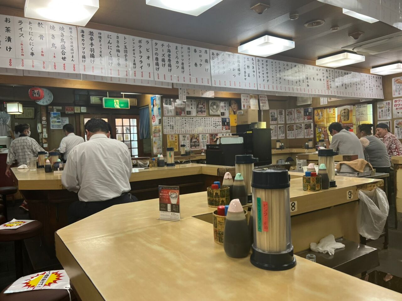 一階しか行ったことないのですが、大広間にコの字が三つくらい合体したようなカウンターで、一人飲みにも最適です。
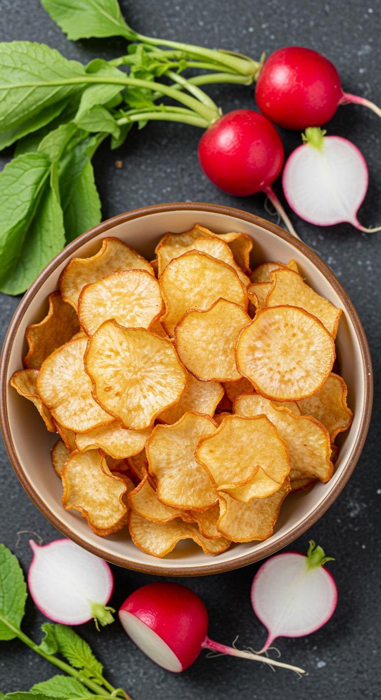 - Preheat oven to 400°F (200°C). Toss radish slices with olive oil, salt, and pepper.
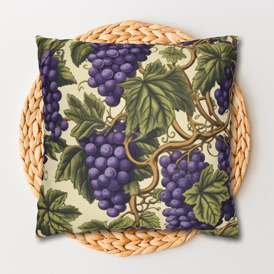 William Morris Inspired Grape Garden Decorative Pillow | Cottage-core Pillow

******************************

- _Prompt_: Without including the pictures, copy all of the data exactly.

- _Finished task_:
 一階しか行ったことないのですが、大広間にコの字が三つくらい合体したようなカウンターで、一人飲みにも最適です。
 - Preheat oven to 400°F (200°C). Toss radish slices with olive oil, salt, and pepper.
 William Morris Inspired Grape Garden Decorative Pillow | Cottage-core Pillow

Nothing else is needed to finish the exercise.